Nice example for how a standard, like PDF, can even persuade/force one of the mighty to adopt a crucial bit of technology, so that this may become a common standard in its own right (i.e. "cascading standards").
AVIF is trying to be a distribution format for the Web. JPEG XL is trying to be a complete package for working with image data. JPEG XL can replace OpenEXR in many workflows. AVIF simply cannot.
There's a lot of power in not having to convert for distribution.
> Lossless JPEG recompression (byte-exact JPEG recompression, saving about 20%) for legacy images
Lossless recompression is the main interesting thing on offer here compared to other new formats... and honestly with only 20% improvement I can't say I'm super excited by this, compared to the pain of dealing with yet another new image format.
For example, ask a normal social media user how they feel about .webp and expect to get an earful. The problem is that even if your browser supports the new format, there's no guarantee that every other tool you use supports it, from the OS to every site you want to re-upload to, etc.

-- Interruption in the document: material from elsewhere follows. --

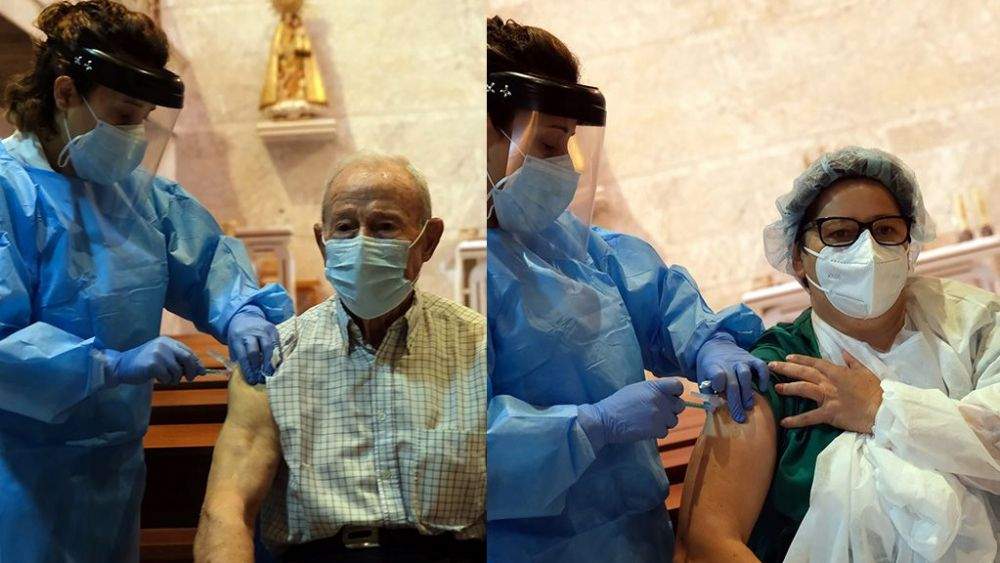 “Nerviosos, pero a la vez muy contentos y responsabilizados por la oportunidad que supone para todos esta vacuna”. A las 11.07 llegaban a la residencia Santa Eugenia de Cevico de la Torre (Palencia), en un taxi escoltado por la Guardia Civil y procedente de la capital provincial, Eloy, Andrea y Beatriz, los tres sanitarios encargados del dispositivo. Portaban una nevera que guardaba la esperanza, no solo de los residentes y trabajadores del centro, sino de toda una Comunidad Autónoma, que a partir de mañana generalizará la vacunación contra el COVID-19. Hoy, de forma simbólica, arrancó en el Cerrato palentino, con dosis a 82 usuarios y 20 trabajadores. Los primeros, Áureo López, de 88 años, y Mari Bilbao, la supervisora, quienes invitaron a la sociedad a vacunarse.

If I remember correctly, WebP was single-handedly forced into adoption by Chrome, while offering only marginal improvements over existing formats. Mozilla even worked on an improved JPEG encoder, MozJPEG, to show it could compete with WebP very well. Then came HEIF and AVIF, which, like WebP, were just repurposed video codecs.
JPEG XL is the first image format in a long while that's been actually designed for images and brings a substantial improvement to quality while also covering a wide range of uses and preserving features that video codecs don't have. It supports progressive decoding, seamless very large image sizes, potentially large amount of channels, is reasonably resilient against generation loss, and more. The fact that it has no major drawbacks alone gives it much more merit than WebP has ever had. Lossless recompression is in addition to all of that.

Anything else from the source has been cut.